Work to be completed =>
Copy out the data in full and exactly, passing over the pictures.

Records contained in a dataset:
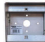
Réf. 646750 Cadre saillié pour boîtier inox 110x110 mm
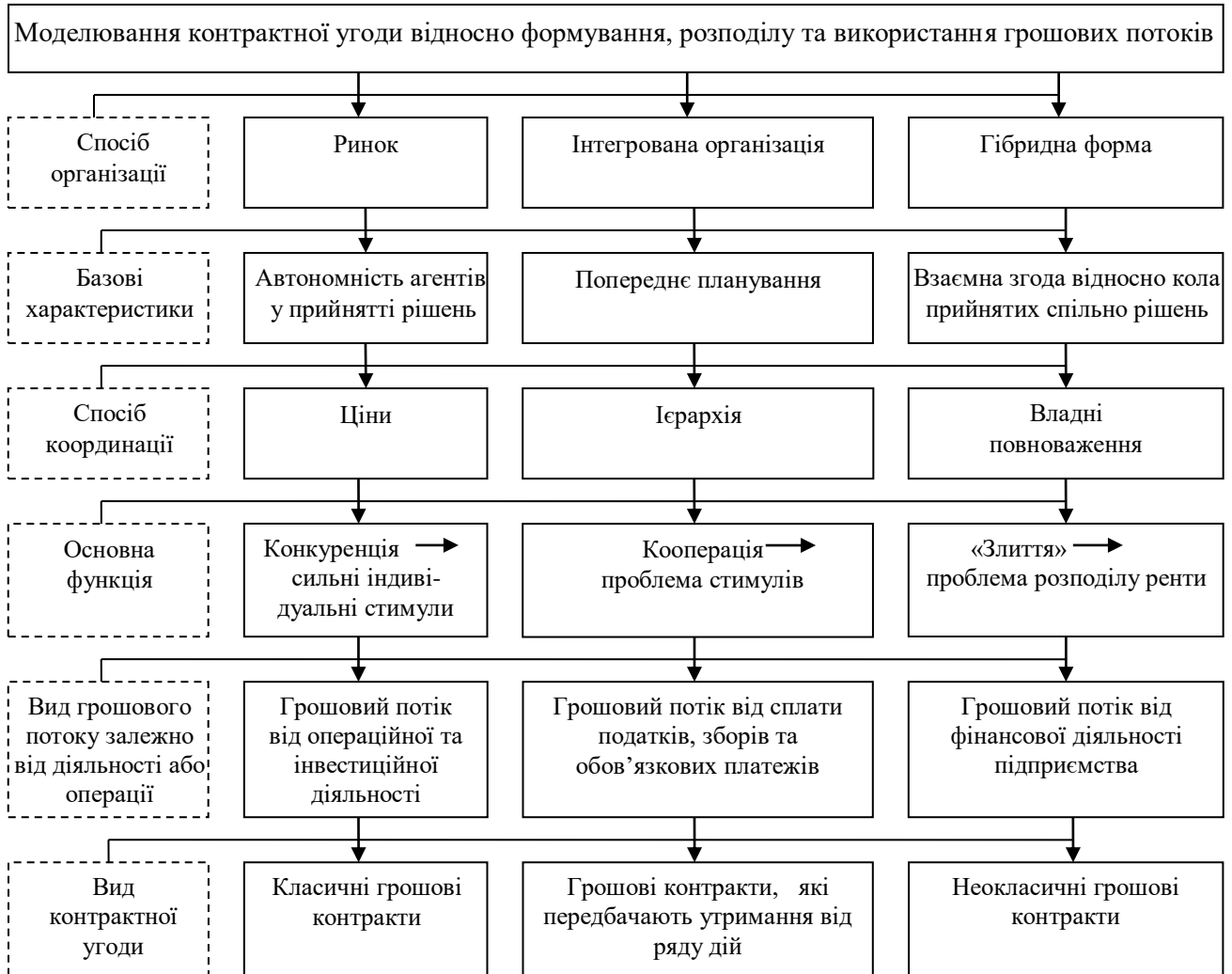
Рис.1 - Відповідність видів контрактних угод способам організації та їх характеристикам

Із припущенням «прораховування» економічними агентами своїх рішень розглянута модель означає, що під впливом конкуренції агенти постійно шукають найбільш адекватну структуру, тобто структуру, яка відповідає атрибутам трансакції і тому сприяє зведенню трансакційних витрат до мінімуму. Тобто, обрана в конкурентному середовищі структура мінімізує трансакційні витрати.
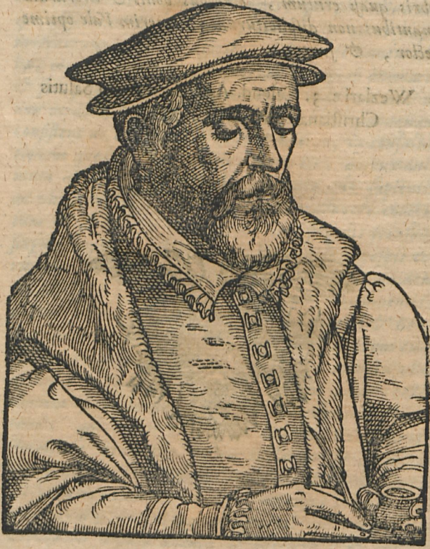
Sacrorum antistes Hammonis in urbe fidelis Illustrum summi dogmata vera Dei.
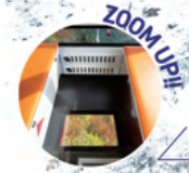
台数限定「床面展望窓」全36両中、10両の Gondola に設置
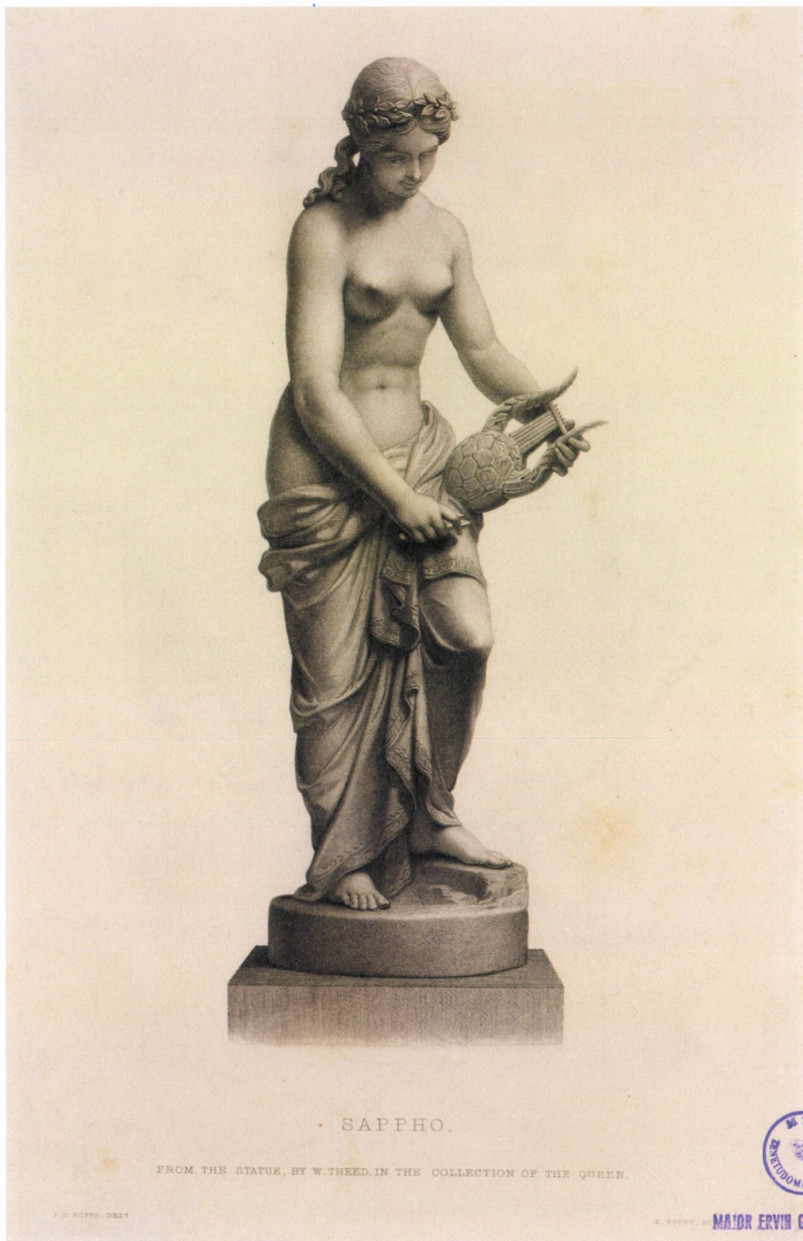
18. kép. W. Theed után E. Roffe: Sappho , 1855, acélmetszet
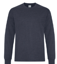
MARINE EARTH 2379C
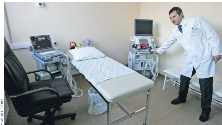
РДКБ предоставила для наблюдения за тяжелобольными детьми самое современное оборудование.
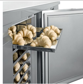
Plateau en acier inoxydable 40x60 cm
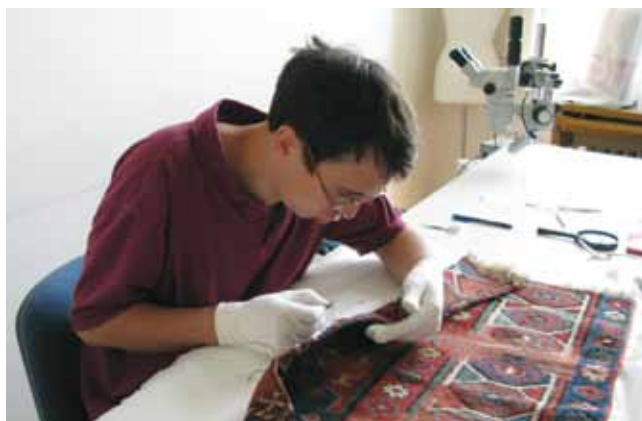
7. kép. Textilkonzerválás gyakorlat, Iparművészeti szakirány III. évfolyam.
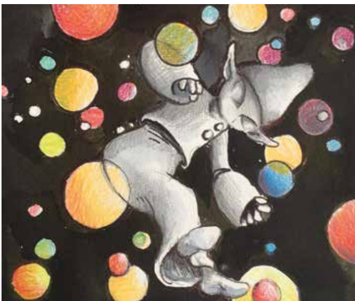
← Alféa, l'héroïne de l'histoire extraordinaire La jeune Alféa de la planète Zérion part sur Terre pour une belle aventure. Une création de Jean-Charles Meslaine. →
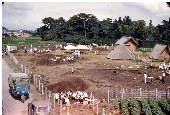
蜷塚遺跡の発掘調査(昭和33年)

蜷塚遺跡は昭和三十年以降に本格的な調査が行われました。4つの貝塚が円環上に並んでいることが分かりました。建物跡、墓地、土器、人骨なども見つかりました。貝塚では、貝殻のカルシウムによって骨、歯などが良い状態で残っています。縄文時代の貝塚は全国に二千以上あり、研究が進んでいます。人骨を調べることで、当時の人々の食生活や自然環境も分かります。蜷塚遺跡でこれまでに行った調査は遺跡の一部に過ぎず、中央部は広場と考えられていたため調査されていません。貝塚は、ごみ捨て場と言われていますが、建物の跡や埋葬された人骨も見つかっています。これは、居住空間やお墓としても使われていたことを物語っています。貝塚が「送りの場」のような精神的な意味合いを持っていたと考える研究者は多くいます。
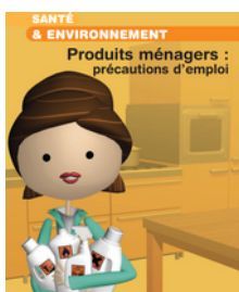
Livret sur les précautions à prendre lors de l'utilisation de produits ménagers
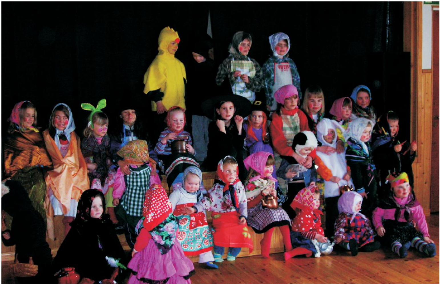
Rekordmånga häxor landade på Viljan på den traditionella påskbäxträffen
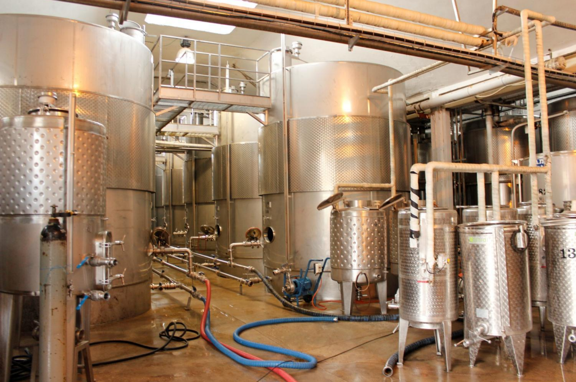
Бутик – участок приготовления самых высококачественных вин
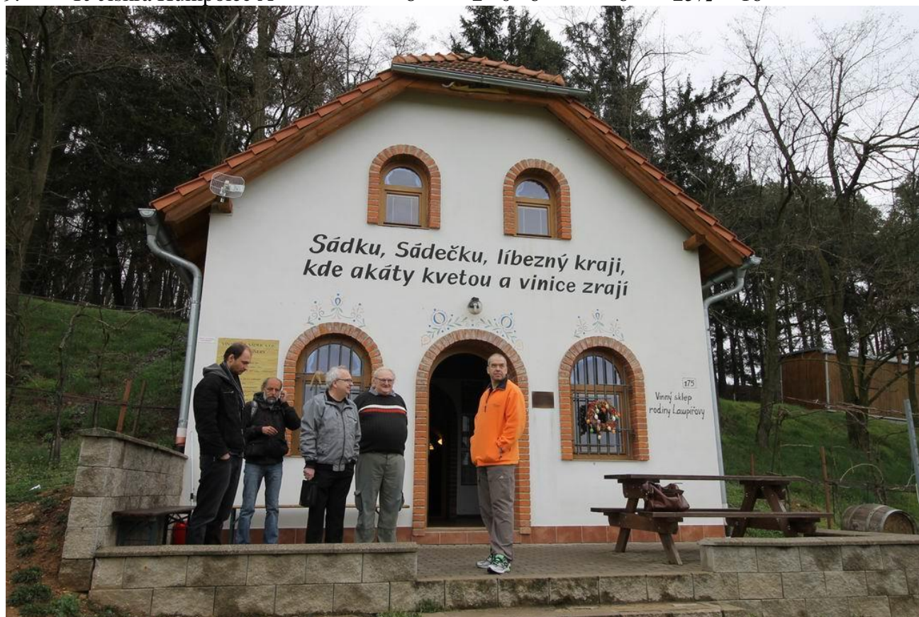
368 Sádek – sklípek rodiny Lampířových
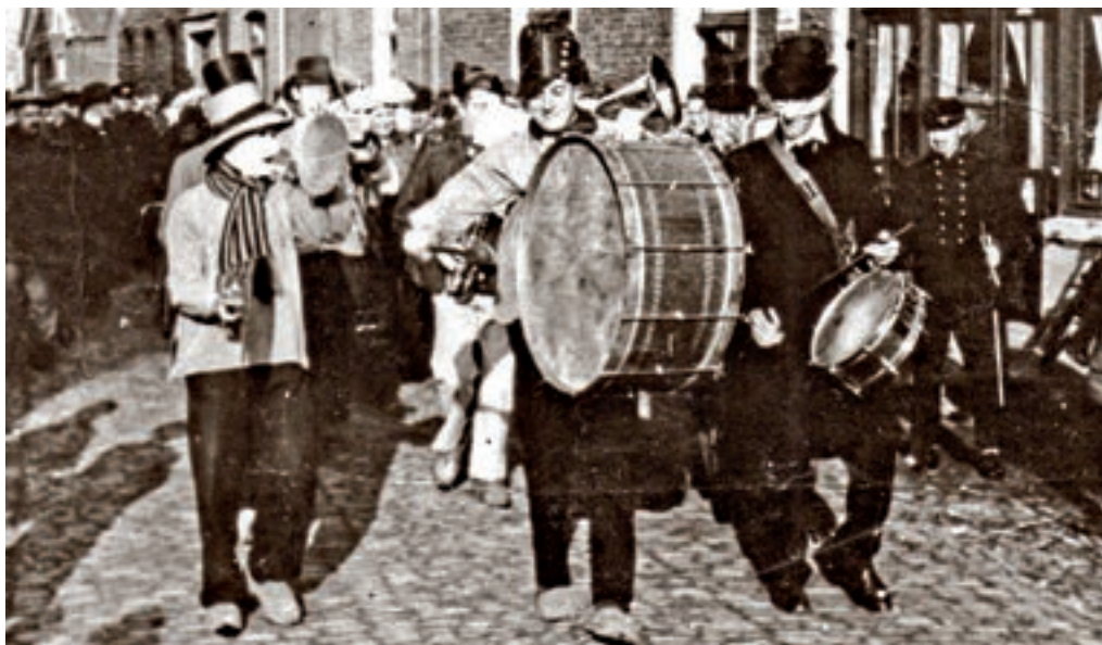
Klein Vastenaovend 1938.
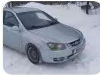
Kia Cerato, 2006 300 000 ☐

Answer to the problem =>
Réf. 646750 Cadre saillié pour boîtier inox 110x110 mm
Рис.1 - Відповідність видів контрактних угод способам організації та їх характеристикам

Із припущенням «прораховування» економічними агентами своїх рішень розглянута модель означає, що під впливом конкуренції агенти постійно шукають найбільш адекватну структуру, тобто структуру, яка відповідає атрибутам трансакції і тому сприяє зведенню трансакційних витрат до мінімуму. Тобто, обрана в конкурентному середовищі структура мінімізує трансакційні витрати.
Sacrorum antistes Hammonis in urbe fidelis Illustrum summi dogmata vera Dei.
台数限定「床面展望窓」全36両中、10両の Gondola に設置
18. kép. W. Theed után E. Roffe: Sappho , 1855, acélmetszet
MARINE EARTH 2379C
РДКБ предоставила для наблюдения за тяжелобольными детьми самое современное оборудование.
Plateau en acier inoxydable 40x60 cm
7. kép. Textilkonzerválás gyakorlat, Iparművészeti szakirány III. évfolyam.
← Alféa, l'héroïne de l'histoire extraordinaire La jeune Alféa de la planète Zérion part sur Terre pour une belle aventure. Une création de Jean-Charles Meslaine. →
蜷塚遺跡の発掘調査(昭和33年)

蜷塚遺跡は昭和三十年以降に本格的な調査が行われました。4つの貝塚が円環上に並んでいることが分かりました。建物跡、墓地、土器、人骨なども見つかりました。貝塚では、貝殻のカルシウムによって骨、歯などが良い状態で残っています。縄文時代の貝塚は全国に二千以上あり、研究が進んでいます。人骨を調べることで、当時の人々の食生活や自然環境も分かります。蜷塚遺跡でこれまでに行った調査は遺跡の一部に過ぎず、中央部は広場と考えられていたため調査されていません。貝塚は、ごみ捨て場と言われていますが、建物の跡や埋葬された人骨も見つかっています。これは、居住空間やお墓としても使われていたことを物語っています。貝塚が「送りの場」のような精神的な意味合いを持っていたと考える研究者は多くいます。
Livret sur les précautions à prendre lors de l'utilisation de produits ménagers
Rekordmånga häxor landade på Viljan på den traditionella påskbäxträffen
Бутик – участок приготовления самых высококачественных вин
368 Sádek – sklípek rodiny Lampířových
Klein Vastenaovend 1938.
Kia Cerato, 2006 300 000 ☐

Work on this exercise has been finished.